Whisky giant Diageo toasts profit rise as drinkers go premium but slams alcohol duty overhaul
Unveiling sales of £17.1 billion for the year to 30 June, representing organic net growth of more than 6 per cent, chief executive Debra Crew pointed to double-digit growth in Scotch whisky, tequila and Guinness, with the group’s “premium-plus” brands contributing 57 per cent of the overall organic sales growth. She also paid tribute to former chief executive Sir Ivan Menezes, who passed away in June, aged 63, following a brief illness, saying she was “proud of how our Diageo family has come together in recent weeks”.
The London-listed company ranks as the world’s largest spirits maker, with almost 30 malt distilleries in Scotland and some 3,500 employees north of the Border out of a global workforce of 30,000. It owns major global brands such as Guinness stout, Smirnoff vodka and Captain Morgan rum.
Changes to the way alcohol is taxed in the UK have led to hikes of up to 20 per cent on wine while other low-strength options now cost less. The UK government’s decision to tax alcohol based on its strength has led to spirits and wine makers complaining they have been unfairly hit.
Ewan Andrew, Diageo’s Scots-born president for supply chain and procurement, said: “We have been working these [changes] through but for the UK market this is definitely a headwind. I think consumers are really going to feel this impact - it’s going to add quite a significant amount. Our conversations with the UK government were around commitments to look at making Scotch and gin producers in Scotland more competitive and that has not happened at all. You don’t need to be looking at tax increases but you do need to be looking at a fairer and more equitable system.”
Alongside its solid sales numbers, the group reported higher-than-expected full-year operating profit, up 5.1 per cent at £4.6bn. The higher sales came despite a dip in volumes. The group has been raising prices to counter cost pressures across its global markets.
Crew, who was formerly chief operating officer, said: “Looking ahead, I expect operating environment challenges to persist, with continued cost pressure and ongoing geopolitical and macroeconomic uncertainty. This requires us to move with greater speed and agility.

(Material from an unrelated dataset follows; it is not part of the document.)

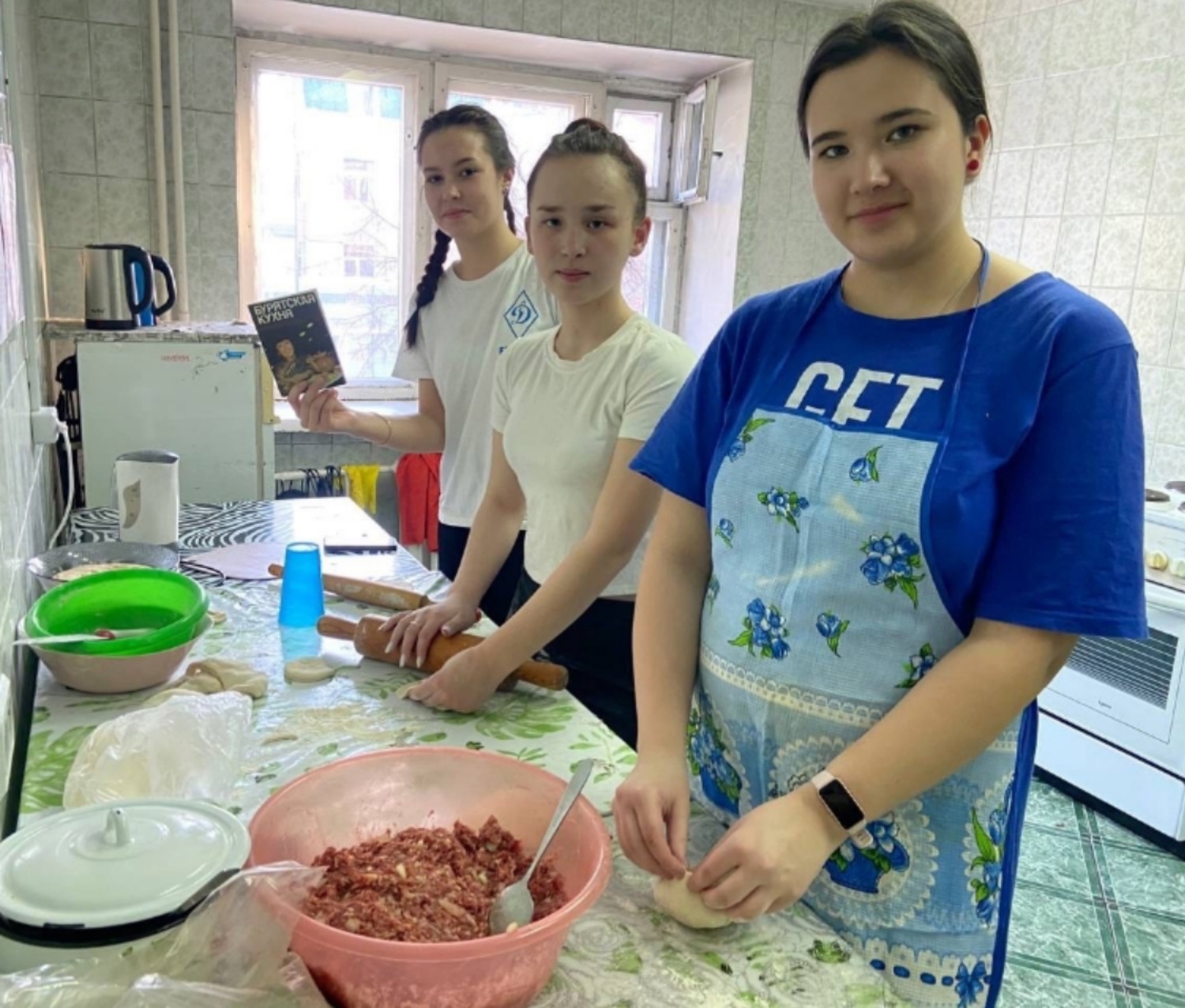 На столах были представлены разнообразные национальные блюда: позы, а также сладости и напитки. Были организованы мастер-классы по приготовлению традиционных бурятских блюд, где каждый мог попробовать себя в роли повара и узнать секреты кулинарного искусства. Девочки общежития замешивали тесто, делали фарш и лепили буузы своими руками — получилось очень красиво и, главное, вкусно!

My near-term opportunities to drive the business focus on bolder and faster innovation, stepping up operational excellence to meet consumers’ evolving tastes and preferences while driving Scotch, tequila and Guinness. I believe total beverage alcohol is an attractive sector underpinned by strong consumer fundamentals, including population growth, increased spirits penetration and resilience in premiumisation globally.”
Mark Crouch, an analyst at trading and investing platform eToro, noted: “Overall, Diageo has put in a strong performance in the year ending 30 June. Scotch, tequila and beers have performed particularly well, as have the drinks giant’s premium-plus brands. That suggests consumers are not trading down when it comes to alcohol, regardless of the bleak economic outlook.”